Sonia Rivas, Professor of School of Education and Psychology of the University of Navarra.
The skills that COVID-19 has made visible in the work of the good teacher
This October 5 marks World Teachers' Day, always an occasion to highlight the progress made and reflect on ways to face the challenges ahead in order to promote the profession professor. It could be just another celebration of the year, were it not for the fact that status of COVID-19 has brought to our attention many responsibilities of professor that perhaps go unnoticed to the eyes of any citizen living the day-to-day maelstrom.
We are going through a crisis, which leads us to reflect in the field educational on where we are and where we are heading. Teachers have considered the leadership of their profession as tool to respond to the consequences of the crisis. They have been intensively and extensively trained in all those active methodologies that have been considered pedagogically useful to continue with the process of teaching-learning in their students. They have put into play their pedagogical and personal skills to provide quality distance learning to their students, trying to ensure that no one is left behind and reducing as much as possible the learning gap among their students. They have catered to the immediacy of the changes arising from the status healthcare in a flexible way, adapting their learning environment to the various COVID-19 protocols to reopen the centers with health security. But, above all, they have been able to add the reality of the families in their process of teaching-learning.
Good teachers have shown to be the central piece of a gear educational, not because they are the most important part, but because they connect with the reality of student, of their family, of their colleagues at work and of the organization to which they belong. However, when this gear stops and, with it, all the others, we have time to reflect on the value, the usefulness, the characteristics of each of the pieces.

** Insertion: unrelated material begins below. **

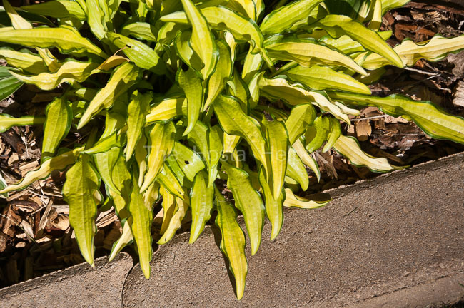This non-registered cultivar from Japan has H. sieboldii in its background. It forms a small size clump of moderately wavy, gold foliage with green marginal variegation.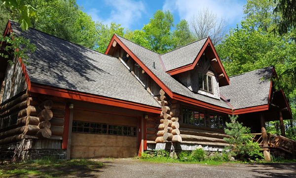 room downstairs, 2 full baths, a great room, 3 fireplaces, and

We have observed in the teachers the skill 'wanting to look at student', which implies wanting to observe what is happening to them, to verify what they are learning, to know what educational needs they have at a time when their social relationships have been reduced to a minimum, and personal relationships with their teachers and classmates are mediated through a screen. The teachers, therefore, have overflowed with empathy, enthusiasm, enthusiasm, desire to show all that the student can learn with these scaffolds taking into account the starting point. Although there is still a long way to go in some aspects, such as how to encourage a certain autonomy in learning in children, to the extent of the possibilities of each one, it seems that they are on the right track.
We have verified that the teachers know how to say: they have the skill to make it understood that the family is the first manager in the Education in their students and that the professor is a collaborating part in this work. Therefore, she has brought out the ability to team up with the family, to incorporate their participation in the process of teaching-learning in those facets that she felt more capable, and to respect, at the same time, their way of educating. The human quality of the teachers, their closeness to parents and families, has been vital.
We have also seen during this time that teachers have the capacity to want to learn: to want to learn with and from their colleagues, to train themselves, because they want to, because they feel part of a learning community with which they identify, which they feel is their own. For the sake of their students, they have taken advantage of their strengths by putting everything they believed they could use at the service of the professional world. They have also been able to ask financial aid to work on their weaknesses. Therefore, they have seen the need to invest much of their time and effort in training in digital skills, assessing what is best for their students and for their content. Many teachers continue to work along these lines, thinking about how to transfer active methodologies to the virtual environment at Education, deciding to what extent this non-classroom space educational is useful, and for what purpose.
Finally, we have noticed that teachers have the capacity to do so because they can, because they have the support of a management team that values their activity, that trusts them, and that offers them all the financial aid and support necessary to achieve it. Their communication skills, teamwork and the feeling of being integrated in an institution have translated into the best possible way of transmitting the management's message to those directly involved, in a changing environment in which they have had to adapt time and space in a flexible manner.
At final: let us accompany and trust in the good work and the art of academic staff, in their knowledge and skills of pedagogical and didactic nature. Their good training, their personal qualities and their desire to do the best for their students, whatever their circumstances, will be the best engine for these times of crisis.